A trader works on the floor of the New York Stock Exchange while Federal Reserve Chairwoman Janet Yellen explains why the Federal Reserve chose not raise interest rates on September 17, 2015 in New York, United States. Traders had speculated for weeks over whether the fed would raise rates or keep them at near zero percent interest.
Andrew Burton—Getty Images

The narrative on Wall Street heading into Thursday’s Fed meeting was simple: Janet Yellen better not raise interest rates because doing so would wreck the stock market by slowing the already sluggish global economy.

So on Thursday, the Federal Reserve did precisely what the bulls on Wall Street wanted and kept rates near zero.

And how did investors react? By selling, of course.

The Dow Jones industrial average sank nearly 300 points at the open on Friday morning. By late morning, the benchmark index was still off around 200 points, after falling 65 points on Thursday following the Fed decision.

In the bizarro logic of Wall Street, it was because by failing to raise rates, Yellen & Co. confirmed that the global economy poses a real threat.

Never mind that investors were arguing that exact same point 24 hours ago. And never mind that investors argued that by keeping rates at zero, the Fed could save the U.S. economy from being infected by the global slowdown.

It just goes to show that the Fed can’t win by giving Wall Street what it wants.

It also goes to show that the Fed did nothing to bring resolution to this situation by wimping out and keeping rates artificially at zero for nine years, ever since the depths of the global financial crisis.

By essentially kicking the can down the street, “we will go back to the fretting about the Fed’s timing and the interim data which will be sliced and diced,” notes Liz Ann Sonders, chief investment strategist for the brokerage Charles Schwab.

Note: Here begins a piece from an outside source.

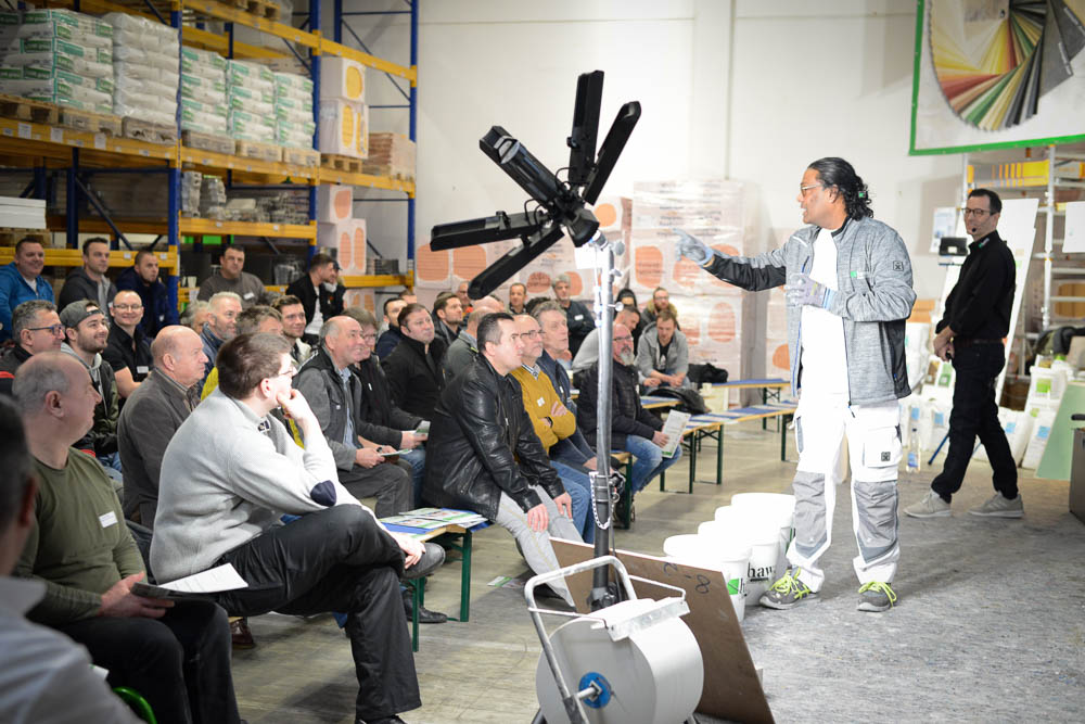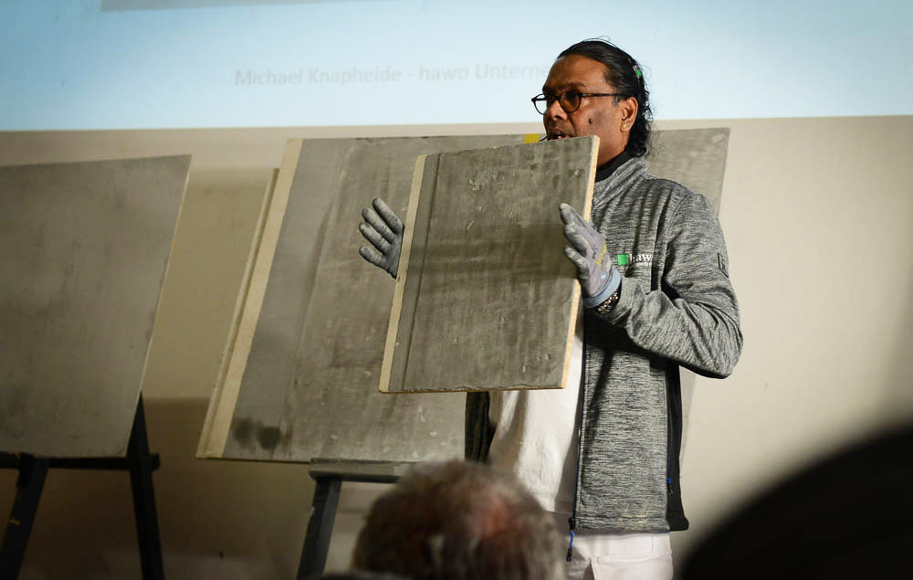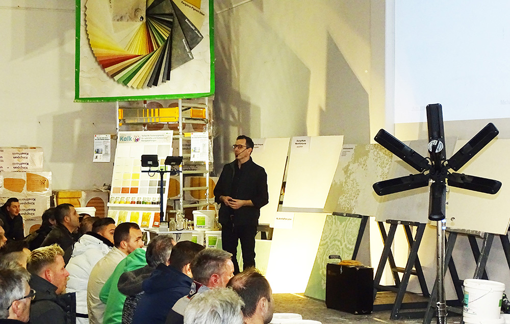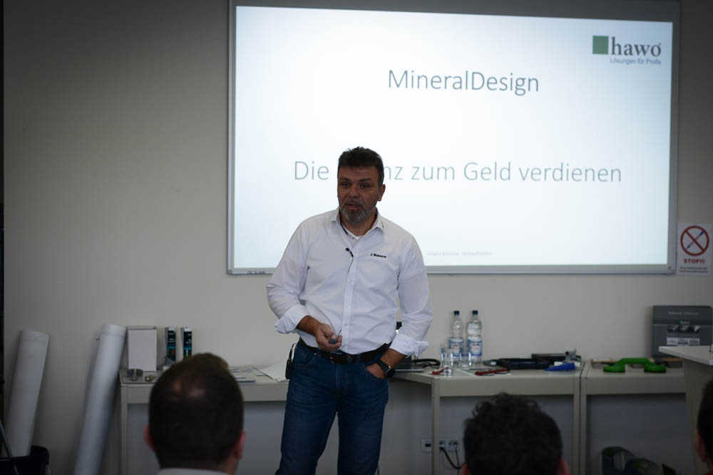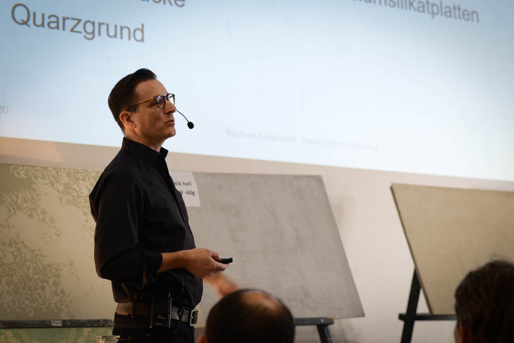 Jürgen Büssow zeigte die ökologische Alternative für Boden-, Wand- und Nassbereich - die MineralDesign Wand- und Bodenbeläge. Er gab den Zuhörern einen Überblick über die vielfältigen Dekore und Formate (XXXL-Format bis 1,20 m x 2,55 m) und detaillierte Hilfe für die Anwendung und Verarbeitung.

Indeed, investors are already debating whether the next rate hike could take place at the Fed’s next meeting in October, December, or if the central bank will wait until early next year.

But the narrative is also shifting in a dangerous way.

Before the market meltdown in late August, the assumption was that whenever the Fed begins lifting rates, it would do so slowly and gradually over months if not years. That gave investors some sense of comfort as to what to expect, market strategists say.

But by arguing for the Fed to delay, the “no hike” crowd may themselves be creating the uncertainty that could lead to more market volatility.

As Janney Montgomery Scott strategist Guy LeBas notes: “The academic work all suggests that the longer the Fed waits, the faster they’ll have to hike” once they start raising rates.

And could that be what eventually undoes this bull market?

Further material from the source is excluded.